In the eleventh century, the Venetians successfully incited the Norman barons operating out of Sicily under Robert Guiscard to attack Byzantium, and then moved in to offer the desperate Byzantines protection. The price for that protection was indicated by the famous Golden Bull of 1082, a decree of the Byzantine Emperor by which Venice acquired tax customs-free access to the whole of the eastern empire, where the Greeks themselves had to pay a tax of 10 percent on their own transactions. Thus began a hatred for Venice among the Greek population which persists down to the present day.
In the sixteenth century, Venetian strategic doctrine was to play the Ottoman Turks against the Spanish and Austrian Hapsburgs, and then to correct any residual strategic imbalance by playing the Hapsburgs off in their turn against the French. Sometimes Venice attempted to play the Portuguese rival power off against the Dutch. Later this was expanded to include playing the Dutch against the English, and the English against the French.

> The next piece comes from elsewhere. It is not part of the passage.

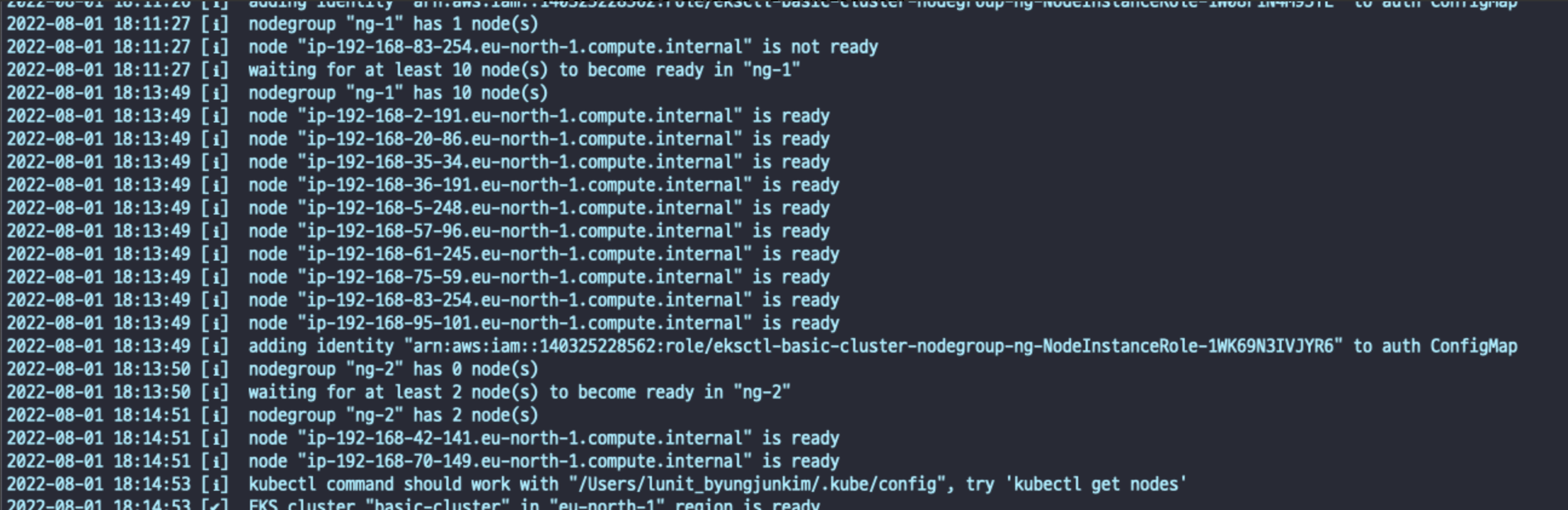 - nodeGroups[0].ssh : ํค์ ์์น๋ฅผ ๋ช ์ํ์ง ์์ผ๋ฉด ์๋์ผ๋ก ~/.ssh/id_rsa.pub ์ ๋ฐ๋ผ๊ฐ

The Venetians also goaded forces out of the East to attack Christendom. Venice was the manipulator of Saracens, Mongols, and Turks, and got along with the slave-trading factions in each of these groups about as well as a power like Venice could get along with anybody. In particular, the Venetians were more willing to see territory – excepting Venetian territory – be occupied by the Turks than any other power. Venice was thus the past master of the more exotic permutations of the stolid old British dividi et impera, “divide and conquer.”
But the essence of their strategic doctrine was something more abstruse, something sometimes described as the “collapse of empires” scenario. Venice parasitized the decline of much larger states, a decline that Venice itself strove to organize, sometimes in a long and gradual descending curve, but sometimes in a quick bonanza of looting.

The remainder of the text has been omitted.